BrightLocker is already well populated with game projects, and the two developers on the platform that we spoke to both welcomed it as an addition to (if not a replacement for) ubiquitous platforms like Kickstarter and Early Access. Ultimately, it is a unique new place to generate revenue at a point in time when revenue can be very difficult to find.
"We will likely still use Steam Early Access," said Wyrmbyte's Scott Brown. "It should work very well with the community events we run on BrightLocker. BrightLocker is game platform agnostic, so we could also do early access with Xbox, for example, while running on BrightLocker.
"We don't view BrightLocker as an 'either/or' solution. It is supplemental to however we choose to fund our development. BrightLocker is also a product lifetime tool, where something like Kickstarter would only be for 30 to 45 days."
Descendent Studios' Eric Peterson echoed that sentiment, and added that BrightLocker's features aren't as disruptive to workflow as Early Access can be. In fact, the studio pulled its game Descent: Underground off Early Access after a year, "to focus more as a team on development and less on getting a new build out every three weeks. I think we went too early, and that caused a severe slowdown on a small team like ours, where you do two weeks of dev, two weeks of test, then a week to release.

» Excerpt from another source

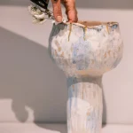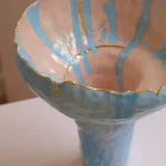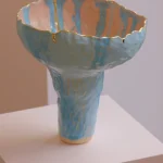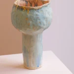 Hania Jneid’s intuitive experimentation with naive aesthetics and techniques results in this unique stoneware vase, blending an intriguing mix of patterns and textures. Handbuilt and hand glazed, each piece reflects the artist’s creative process, driven by surprise and discovery.
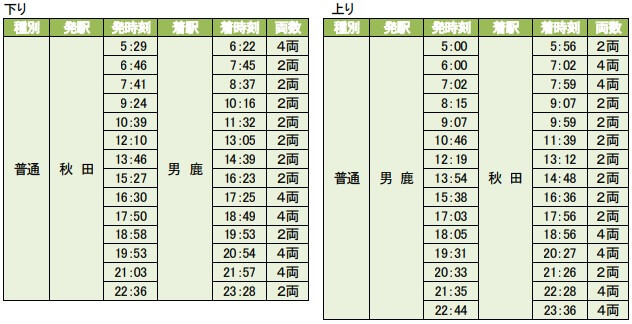 - 羽越本線では道川~秋田間の下り1本・吹浦~酒田間の上り1本の運行を取りやめるとともに羽後本荘~秋田間の快速列車を普通列車化します。

Sou are operating only at about 40 per cent capacity at best.
"When I was building the platform I always had in mind that I wanted to take it to a big publisher and pitch it"
"At BrightLocker we are able to consolidate our messaging, and keep up the workflow at a lot closer to full velocity."
However, both Brown and Peterson mention a phrase that will be central to whether BrightLocker fulfils its potential: critical mass. Cortez says that the platform only monetises by taking a cut of the revenue developers receive through microtransactions and subscriptions - at a base level of 5 per cent, but more if a developer signs up for a premium service where Brightlocker can help to design and run its campaign.
Cortez needs users on the platform to make money, then, but BrightLocker also needs a certain amount of users before it can deliver much value to its partners. With enough people, Cortez says, every new game on the platform will introduce more users to the ecosystem, making every other game visible to an ever-expanding number of people. It will be a virtuous cycle, but only after a certain point.
"I never go to Kickstarter and look for games," Cortez adds. "I'm always brought there by a game; because somebody I know is making it, or because I see an ad for it, but I never just go and hang out on Kickstarter. It just doesn't happen.
"We want to create a place where gamers want to hang out, and in the process they begin to interact with the other things on the platform. They can discover games that they never even knew existed."
That is very much in BrightLocker's future, and it certainly has some distance to travel before it becomes more than just an interesting option that can sit beside Steam Early Access. According to Cortez, the company is now entering "phase two" of its strategy, which will bring improvements and additions to the platform's feature set - the ability to use video, sound, gameplay footage and animations for Guided Choices, for example. Beyond that, though, Cortez sees no limit to what BrightLocker could achieve.
"When I was building the platform, constructing the business model and figuring out how to do this, I always had in mind that I wanted to take it to a big publisher, and pitch it," he says. "We want to make it so that, when a developer starts out making a game, right now they have a Facebook strategy, a Twitter strategy, a Steam strategy.
"We want them to say, 'We have a BrightLocker strategy'. And ideally they say that first."